Why is Saddam Hussein having a second trial?
Former Iraqi dictator Saddam Hussein is facing a range of charges before a special tribunal.
Saddam Hussein is being tried for separate cases. In the first trial, the former Iraqi leader was on trial over the killings of more than 148 Shiite Muslims from the town of Dujail in a crackdown launched after a 1982 assassination attempt on Saddam. Verdicts for Saddam and seven co-defendants are expected in that case on Oct. 16.

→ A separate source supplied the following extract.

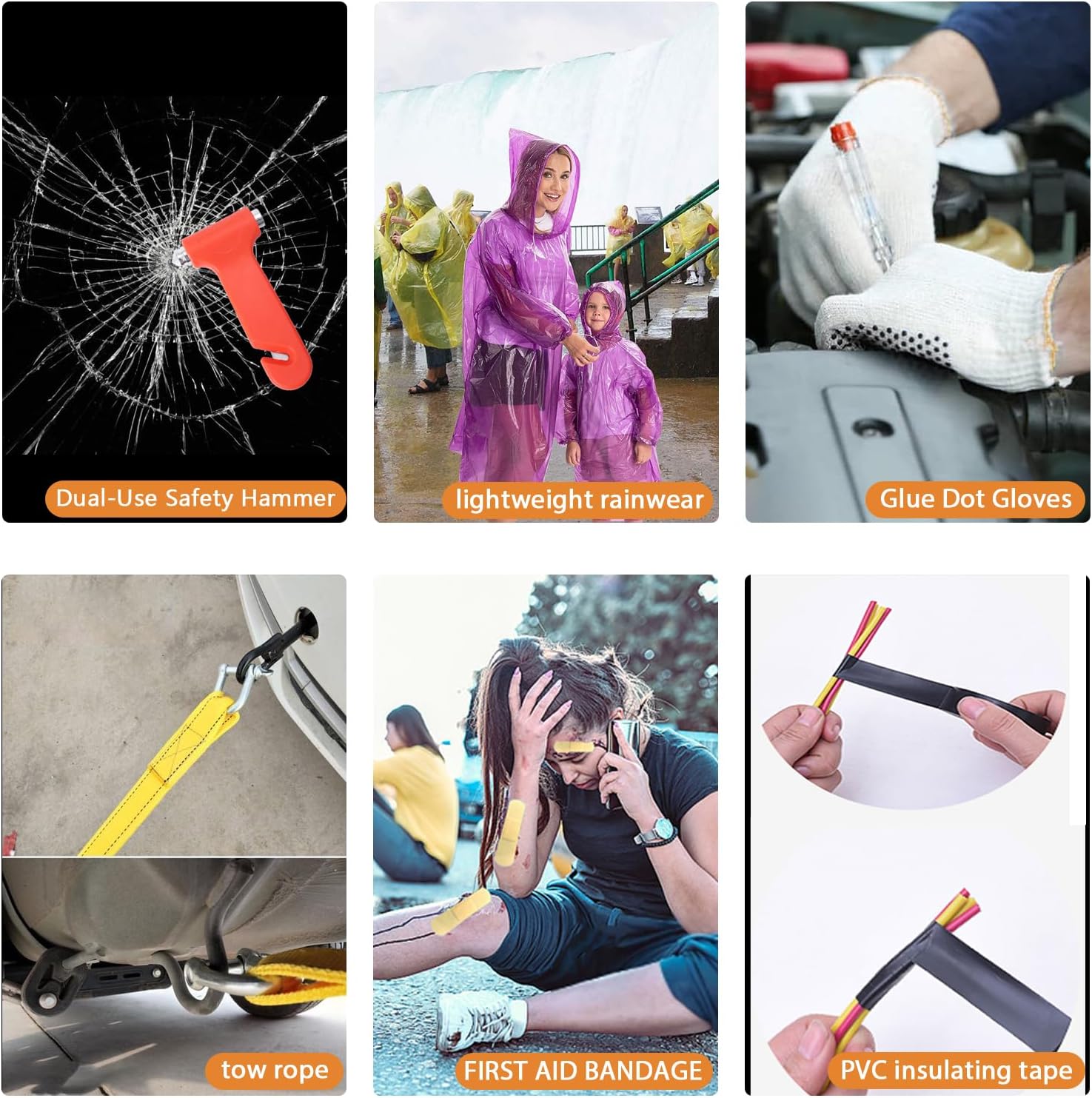 What’s in this package:From car jumper cables kit, rainwear, headlamps, and Dual-Use Safety Hammer,to tow ropes, non-slip gloves, band-aids, and PVC tape.
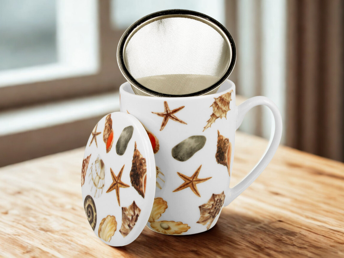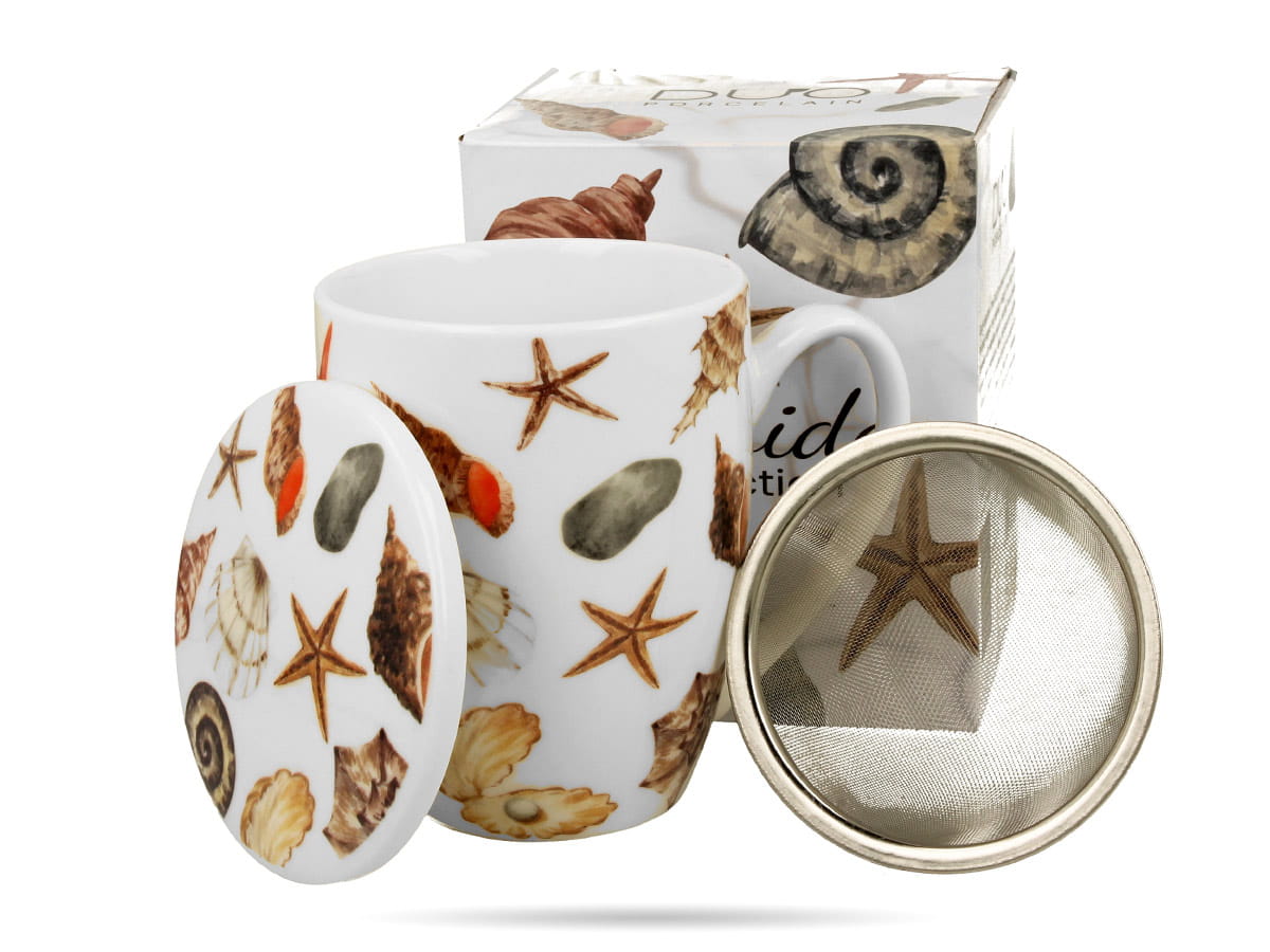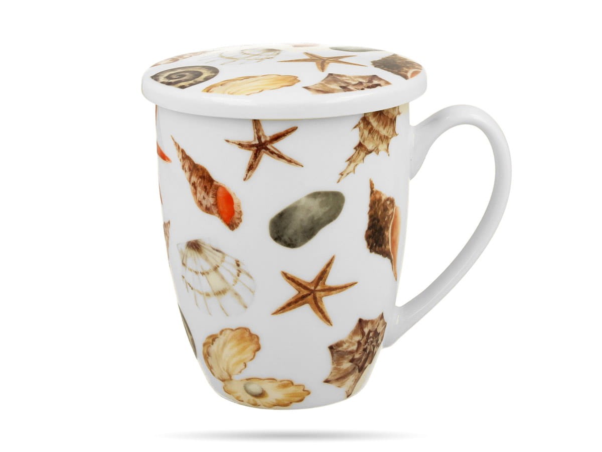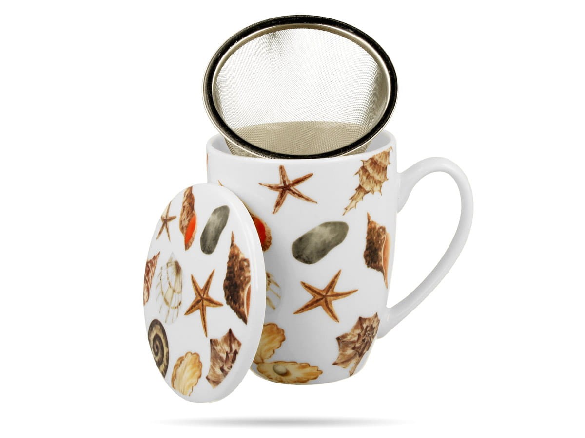 Kubek Muszle z zaparzaczem i pokrywką 360 ml porcelana DUO

The second trial opens a new legal chapter for the ousted Iraqi leader. He faces charges of killing tens of thousands of Kurds during the Iraqi army's "Operation Anfal."
What is Operation Anfal?
In 1988 Saddam's regime launched a campaign of murder and displacement allegedly aimed at halting Kurdish rebellion; it was called "Anfal," meaning "spoils of war." Saddam accused the Kurds of helping Iran in its war with Iraq. An estimated 180,000 Kurds were killed, many of them buried in mass graves in the south. According to the U.S. State Department, evidence concerning the campaign indicates many women and children were killed, by firing squads and in chemical attacks.
Is there a jury?
There is no jury. The chief judge will question the witnesses, and all five judges will decide the guilt or innocence of Saddam and his seven co-defendants. The judges will be permitted to draw help from international advisers.
What charges does Saddam face?
In the first case, the former president faces a possible execution by hanging if convicted, though he has the right to appeal, a process that could take months. In the second trial, Saddam Hussein, once again, faces a possible death penalty for the killings of tens of thousands of Kurds during the Iraqi army's "Operation Anfal" — Arabic for "spoils of war."(AP Photo/Marco Di Lauro)
If Saddam is convicted, what happens next?
If convicted, Saddam can appeal to a nine-judge tribunal that is part of the special Iraqi tribunal set up to investigate alleged crimes by him and others during Saddam's 23-year rule.
If the sentence is upheld after all appeals are exhausted, then it must be implemented within 30 days, regardless of other judicial proceedings. If Saddam should be sentenced to death, that means he could be executed while some of the dozen or so trials he is expected to face go unfinished.